Hitler habe sich nicht einmal selbst als Künstler definiert, bekräftigt Oliver Rosskopf. „Er ist ein Massenmörder. Leute, die so etwas kaufen, sind Fans seiner dunklen Seite und wollen dadurch in seinen Dunstkreis zurückkatapultiert werden. Aber die Frage ist generell spannend. Kann man sich noch Filme von und mit Woody Allen oder Kevin Spacey anschauen? Ist es legitim, Musik von Michael Jackson zu hören?“

Ist es das? „Ich finde es schwierig“, so Martina Ebm. „Wenn ich auf einer Bühne stehe, dann stehe ich da als Mensch und nicht nur in einer Rolle. Ich stehe für etwas.“

Zur Person: Martina Ebm

war Juniorenmeisterin im Judo, studierte Theater-, Film- und Medienwissenschaften, spielte beim Salzburger Straßentheater und am Wiener Schauspielhaus, verkörperte die junge Titelfigur in „Alma – A Show Biz ans Ende“ und ist seit 2014 Ensemblemitglied in der Josefstadt. Zu ihrer Vita zählen viele Kino- und TV-Produktionen – darunter vier Staffeln „Vorstadtweiber“.

Textliche Challenge

Wie Martina Ebm und Oliver Rosskopf ihre jeweiligen Charaktere anlegen werden, stand beim Interview, das vor Probenbeginn stattfand, noch nicht fest.

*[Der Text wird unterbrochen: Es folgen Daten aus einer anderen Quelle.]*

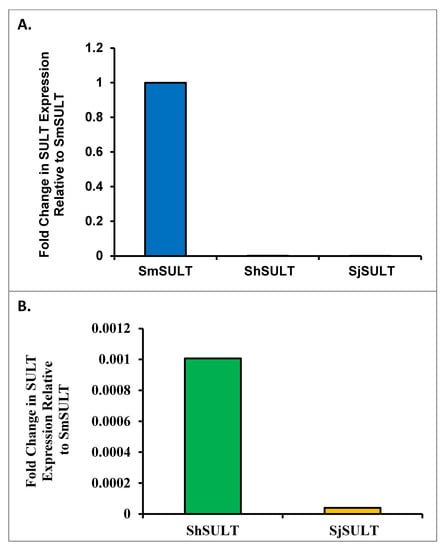 Quantitative Real Time PCR (qRT-PCR) was used to determine the relative quantities of SULT transcribed in different species of schistosomes. 150 µg of cDNA was used for relative quantification with gene-specific primers and iTaq™ Universal SYBR® Green Supermix (BioRad, Hercules, CA, USA) containing hot-start iTaq DNA polymerase, dNTPs, MgCl2, SYBR® Green I dye, and ROX reference dye. Primers were designed using PerlPrimer v1.21 (Supplementary Table S1) for each SULT gene (SmSULT: Smp_089320; ShSULT: Sha_104171; SjSULT: FN317462.1) and assayed for efficiency at 1:0, 1:5, 1:25, and 1:100 cDNA concentrations.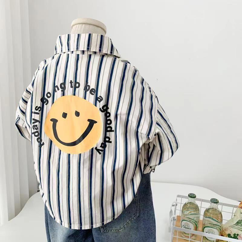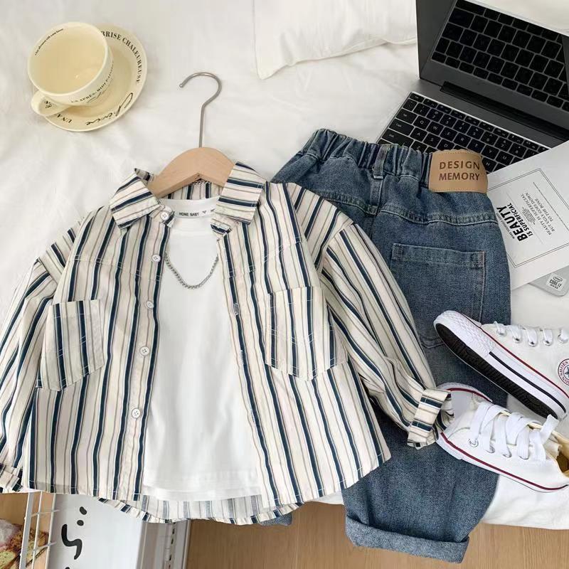 男童衬衫 外套男宝宝春装 春秋款 洋气儿童薄款 条纹上衣 2024新款 童装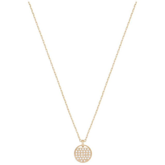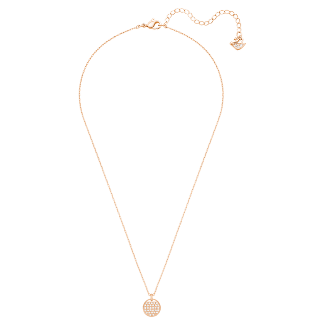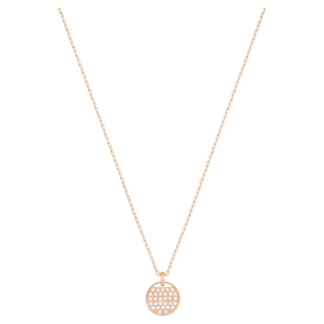 Elegant and easy-to-wear, this circle pendant is perfect for mixing and matching with other styles of different lengths for an on-trend multi-layered look. It features a disc embellished with sparkling crystal pavé, which dangles from a delicate rose gold-plated chain.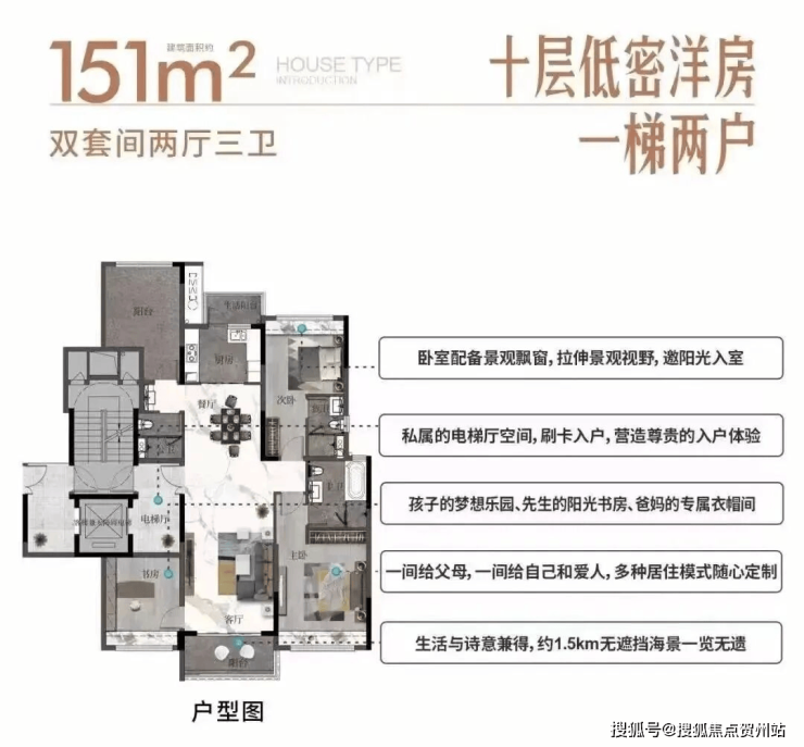 建面约151㎡四房两厅三卫片区仅此十层瞰海小洋房一梯两户,电梯刷卡入户,私享电梯厅,多一份私密也多一份空间高达99%使用率,让更多空间留给生活万科创新四叶草户型,三代同堂各得其所双阳台设计,南北对流,与清风阳光共处一室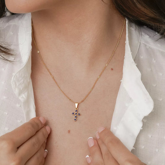 Dije Cruz 6 Circonias Azul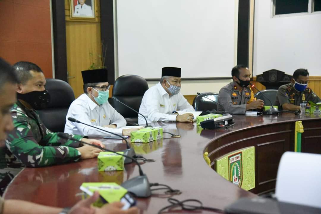 Dumai (PantauNews.co.id) - Walikota Dumai Zulkifli AS yang juga selaku Ketua Tim Gugus Tugas Percepatan Penanganan Covid-19 Kota Dumai menggelar rapat evaluasi mengenai pelaksanaan Pembatasan Sosial Berskala Besar (PSBB).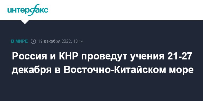 Россия и КНР проведут учения 21-27 декабря в Восточно-Китайском море

„Die Geschichte steht ganz klar im Vordergrund. Ich möchte Nicola, die eher unsympathisch ist, aber nicht verraten und ihre Handlungen auch für das Publikum nachvollziehbar machen. Auch wenn ihre Motive vielleicht niederträchtig sind, ist sie eine spannende Figur. Sie steht für viele in unserer Gesellschaft“, erläutert Martina Ebm.

„Ich frage mich bei Philipp, inwieweit nicht schon immer problematisches Gedankengut in ihm angelegt war. Ob er sich nicht bewusst eine Jüdin als Partnerin ausgesucht hat, um als Saubermann dazustehen. Eine wichtige Frage ist auch die nach dem Alltags-Antisemitismus in uns allen. Das ist, gerade in der aktuellen politischen Situation, eine Frage, die wir uns alle stellen sollten“, meint Oliver Rosskopf.

Man könne mit Theater aber sicher niemanden bekehren, findet Martina Ebm. „Aber man kann für Diskussionen sorgen. Das Stück ist komisch, man darf und soll darüber lachen, aber wir als Schauspieler müssen darauf achten, es nicht zu verblödeln, sondern den mahnenden Unterton beizubehalten.“

Wie immer lernt sie ihren – umfangreichen – Text im Laufen. Aufgenommen am Handy. „Da habe ich Zeit, da bin ich allein. Wobei ich sagen muss, dass ich diese schnellen ‚Klick-Klack-Dialoge‘ schwerer erlerne als lange Monologe.“ Hat auch Oliver Rosskopf diesbezüglich Rituale? „Am besten lerne ich erstaunlicherweise zwischen Tür und Angel. Ich trage das Textbuch mit mir herum, lese immer wieder ein paar Zeilen und habe es irgendwann intus. Mir fällt es nicht leicht, mich zwei Stunden lernend ruhig hinzusetzen. Da schlafe ich nach fünf Minuten ein.“

Zur Person: Oliver Rosskopf

ist ausgebildeter Kindergärtner, studierte Schauspiel in Graz, war Ensemblemitglied im Schauspielhaus Graz sowie am Landestheater Niederösterreich und gastierte u. a. am Maxim Gorki Theater. Er ist auch als Sprecher und Regisseur tätig, tritt neben dem Theater in der Josefstadt im Globe Wien auf und spielte in zahlreichen TV- und Kinofilmen.